Read — inspect metrics, runs, and scores:
# List available metrics
pandaprobe evals metrics --target trace
# List runs, then drill into one
pandaprobe evals runs list
pandaprobe evals runs get <run-id>
pandaprobe evals runs scores <run-id>
# List scores, or fetch all scores for one trace
pandaprobe evals scores list --name coherence
pandaprobe evals scores get <trace-id>
Write — create runs and submit scores:
These three commands execute write endpoints. Everything else in the
CLI is read-only.
# Run metrics over traces matching filters
pandaprobe evals runs create --metrics coherence,tool_correctness --status COMPLETED
# Run metrics over a specific set of traces
pandaprobe evals runs batch --trace-ids <id1>,<id2> --metrics coherence
# Submit a score for a trace (trace target only)
pandaprobe evals scores submit --trace-id <trace-id> --name accuracy --value 0.92
Examples
Compose commands with jq:
# Count traces by status
pandaprobe traces list --limit 200 | jq '[.items[].status] | group_by(.) | map({status: .[0], count: length})'
# Find a failed trace and read its first error
ID=$(pandaprobe traces list --status ERROR --limit 1 | jq -r '.items[0].trace_id')
pandaprobe traces get "$ID" | jq '.spans[] | select(.error != null) | .error'
# Pull every score for a trace
pandaprobe evals scores get "$ID" | jq '.[] | {name, value, data_type}'
Output and exit codes
By default the CLI emits JSON: data goes to stdout, errors to stderr — so output
pipes cleanly into jq.
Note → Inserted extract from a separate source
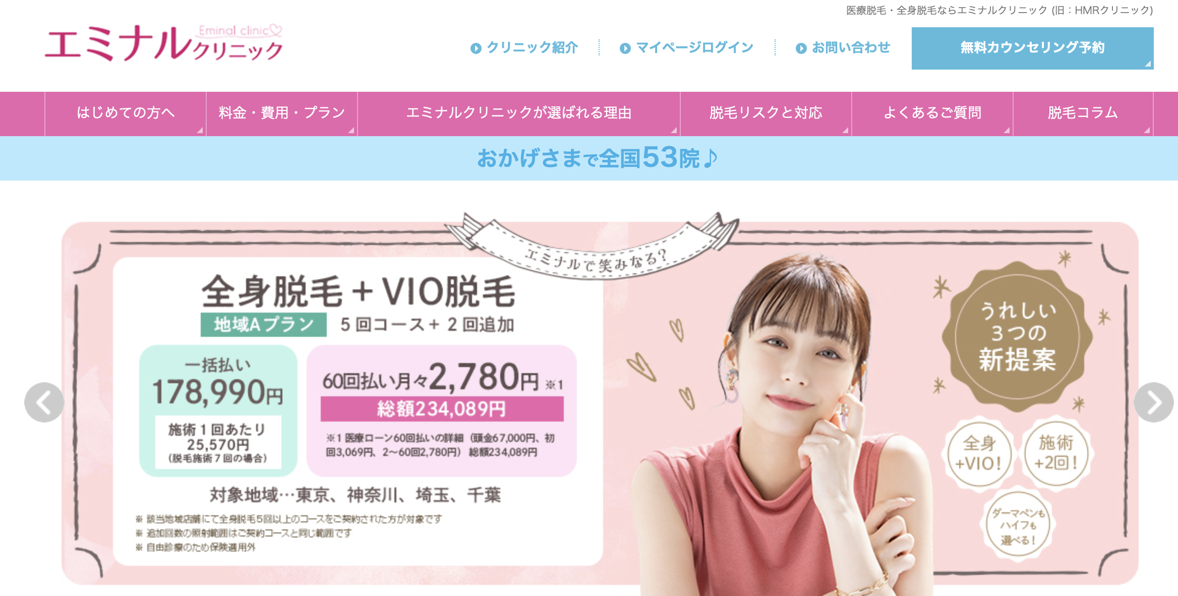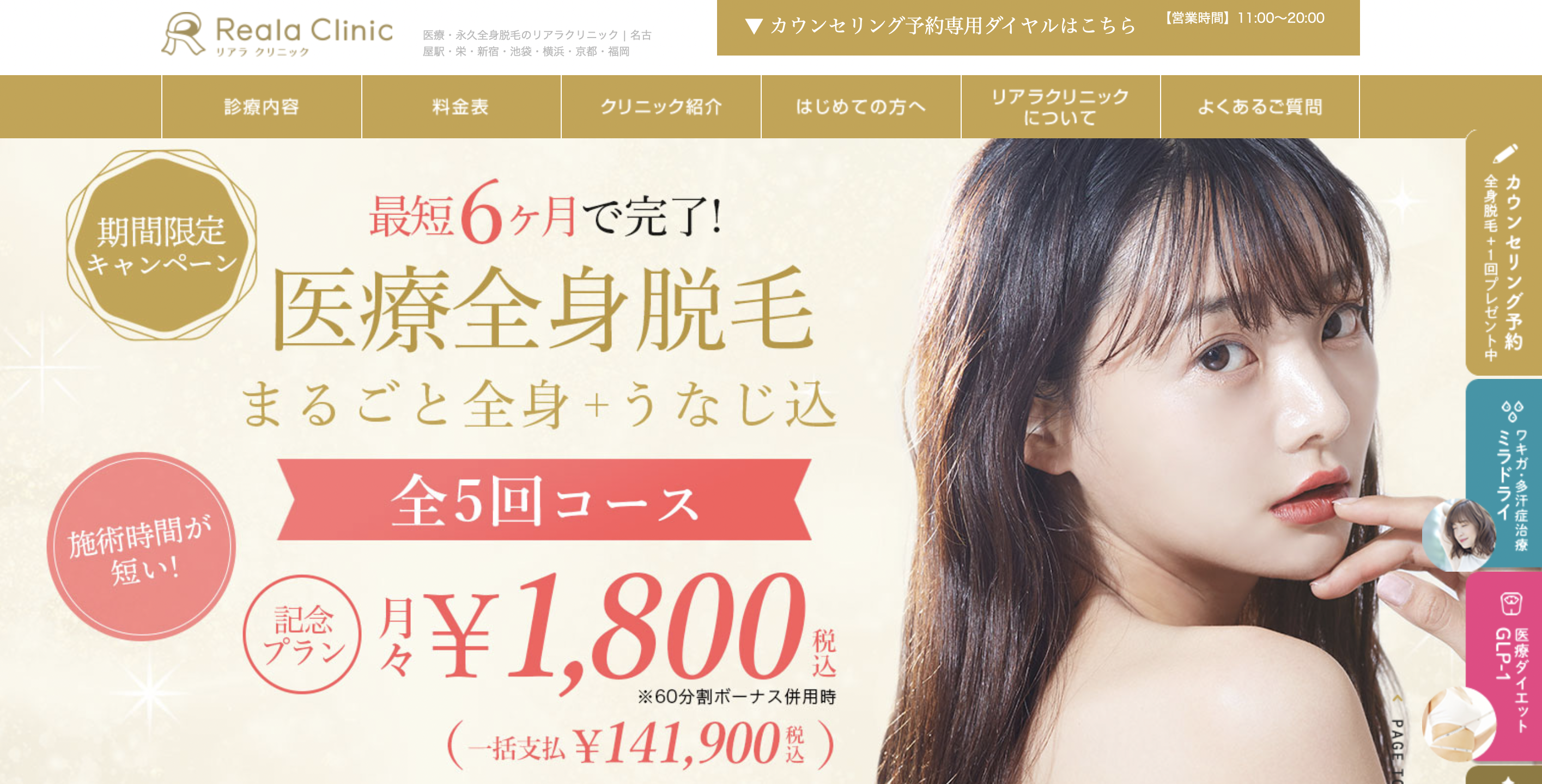リアラクリニックの全身脱毛情報

Pass --format table for human-readable tables.
List commands return an items array plus a pagination block:
{
"items": [ /* ... */ ],
"pagination": { "total": 150, "limit": 20, "offset": 0 }
}
Errors are JSON objects on stderr:
{
"error": {
"code": "validation_error",
"message": "invalid --status \"NOPE\": must be one of PENDING, RUNNING, COMPLETED, ERROR",
"status": 422
}
}
Exit codes are part of the contract:
| Code | Meaning |
|---|
0 | Success |
1 | General error (network, decode, unexpected) |
2 | Authentication/authorization error (401, 403) |
3 | Not found (404) |
4 | Validation error (bad flags, 400, 422) |
5 | Other API error (other 4xx, 5xx) |
Configuration reference
Values resolve in this order (highest to lowest): command-line flags →
PANDAPROBE_* environment variables → ~/.pandaprobe/config.yaml → built-in defaults.
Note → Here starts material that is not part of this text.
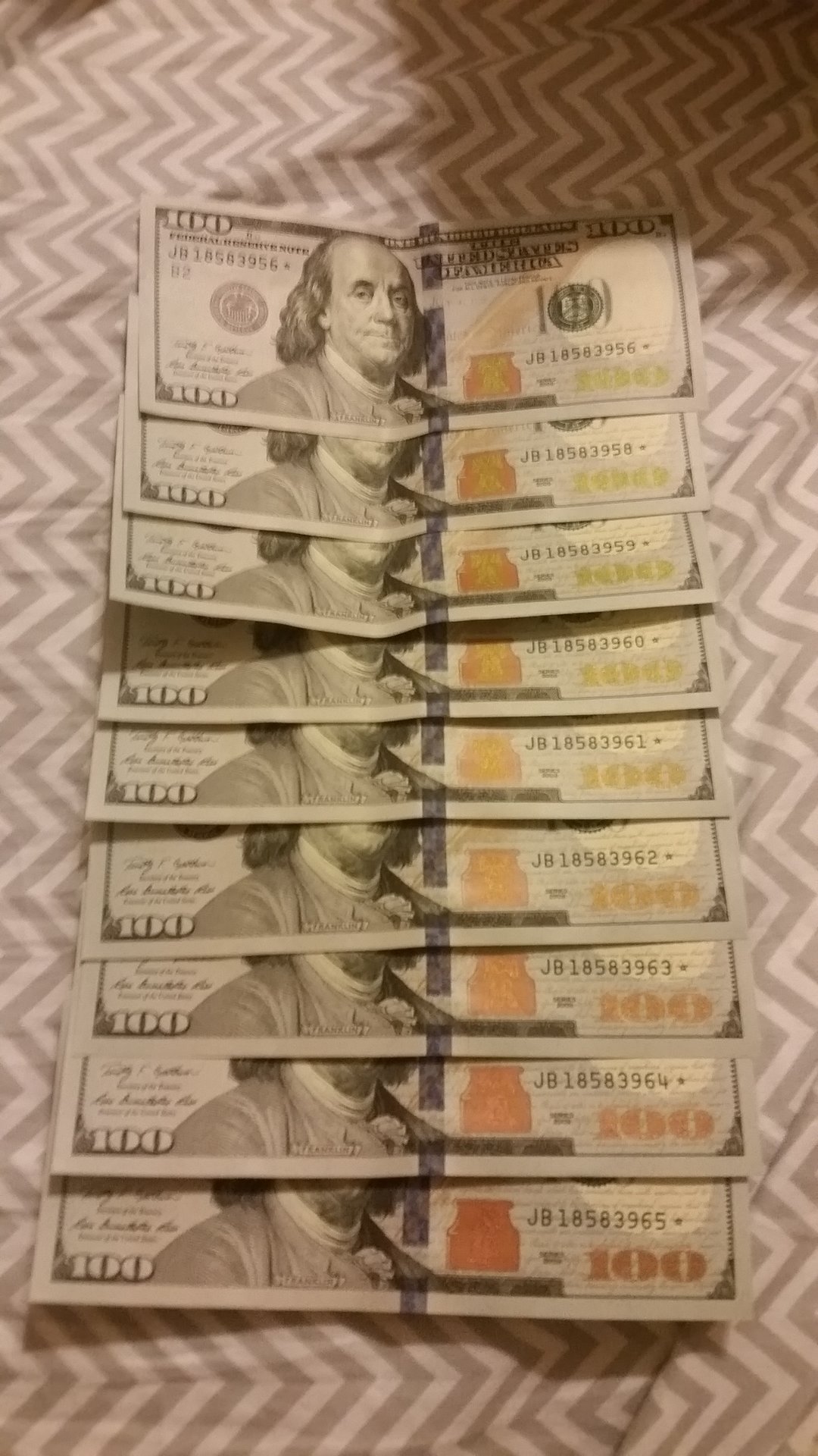 I happened to get a few star notes from the bank today. Eight consecutive $100 star notes.

| Setting | Flag | Environment variable | Config key | Default |
|---|
| API key | --api-key | PANDAPROBE_API_KEY | api_key | — |
| Project name | --project | PANDAPROBE_PROJECT_NAME | project_name | — |
| Endpoint | --endpoint | PANDAPROBE_ENDPOINT | endpoint | https://api.pandaprobe.com |
| Web app URL | --auth-url | PANDAPROBE_AUTH_URL | auth_url | https://app.pandaprobe.com |
| Output format | --format | PANDAPROBE_FORMAT | format | json |
| Timeout (seconds) | — | PANDAPROBE_TIMEOUT | timeout | 30 |
Inspect the effective configuration (the API key is masked):
Other global flags: --verbose and --debug (log HTTP details to stderr, key masked),
--no-color, and --config <path> to use a non-default config file.
Shell completion
pandaprobe completion zsh > "${fpath[1]}/_pandaprobe"
pandaprobe completion bash > /etc/bash_completion.d/pandaprobe
Supported shells: bash, zsh, fish, powershell.